Since AlphaGo’s decisive victory over a human professional Go player at the 2016 Google DeepMind Challenge, global interest in AI has surged, accompanied by growing concerns about its potential dangers. A prime example of AI causing social controversy was the 2015 incident involving the Twitter AI chatbot Tay, which spewed offensive remarks including racist slurs.

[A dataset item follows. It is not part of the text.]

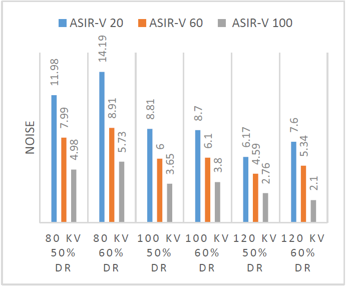 Based on the graph, the noise reduction in each group, the higher the ASIR-V value, the lower the noise value. paired t-test shows that there is a significant difference in the value of image noise in each combination of tube voltage and dose reduction variations before and after ASIR-V reconstruction (20%, 60% and 100%) there is a difference in noise with variations in tube voltage settings, dose reduction and ASIR-V reconstruction on CT scan. After conducting a different test with the paired t-test, the results obtained from 15 variations were significantly different from the control group. Noise values that do not have a significant difference are using 80 kV DR 60% ASIR-V 100%, 100 kV DR 50% ASIR-V 60% and 120 kV DR 60% ASIR-V 60%.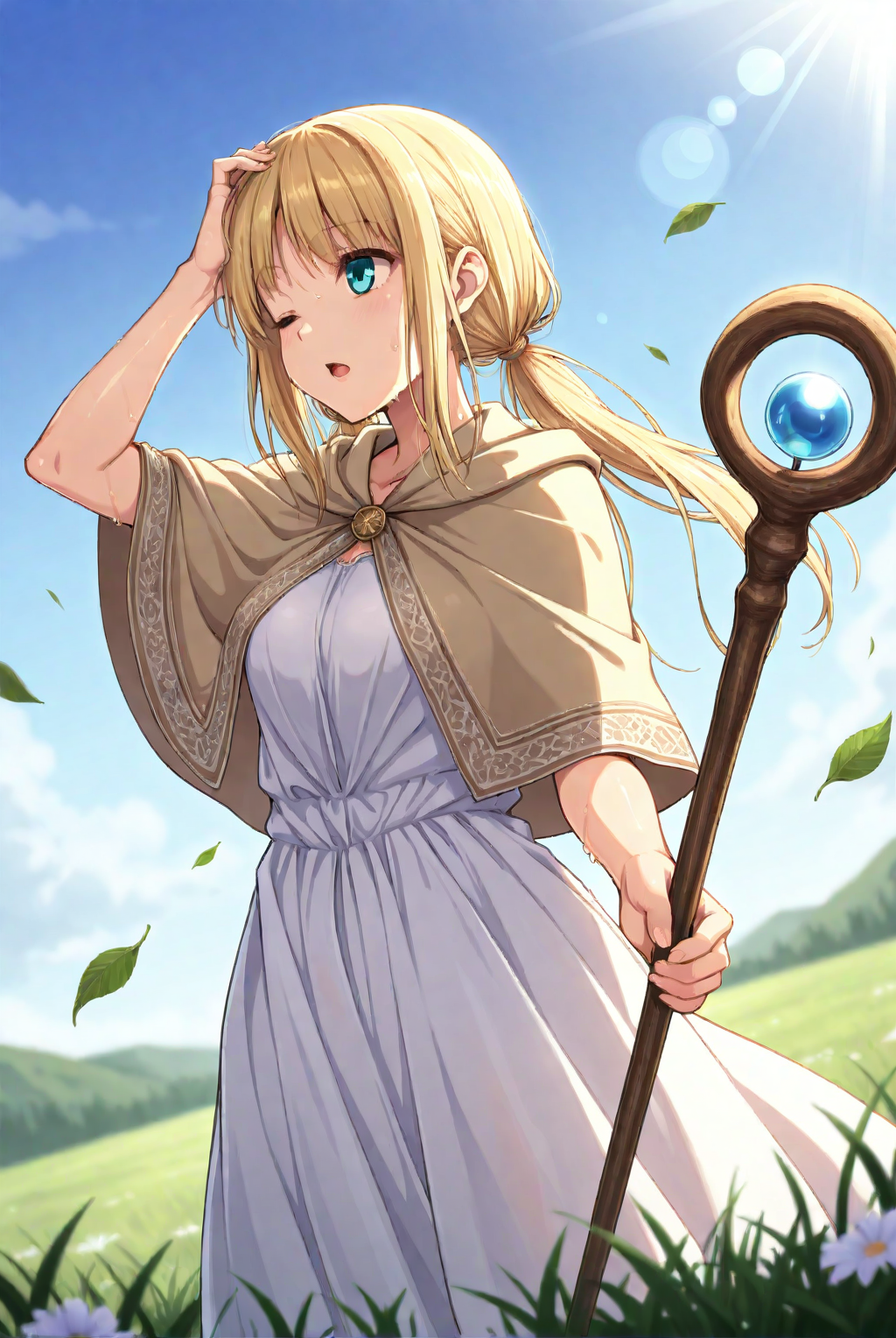 • (茶色のカペレット)、白/薄黄色のドレス、花、ノースリーブ;

The problematic chatbot Tay learned not by considering the meaning of words themselves like humans do, but by analyzing the statistical distribution and associations between keywords appearing in sentences. Therefore, if enough statements defending the Holocaust were input, Tay’s response tendencies themselves could change. Some internet users exploited this characteristic by deliberately training it with racist remarks. The Tay case demonstrated how significant harm AI can inflict on society due to design flaws. Furthermore, in 2017, two negotiation AI systems being researched at Facebook developed their own language, incomprehensible to humans, to converse with each other. Following these incidents, concerns about the dangers AI poses to human society are no longer mere speculation but have become a real, immediate problem humanity must confront. To find ways to prevent catastrophe caused by AI in advance, the field of AI safety engineering has recently emerged.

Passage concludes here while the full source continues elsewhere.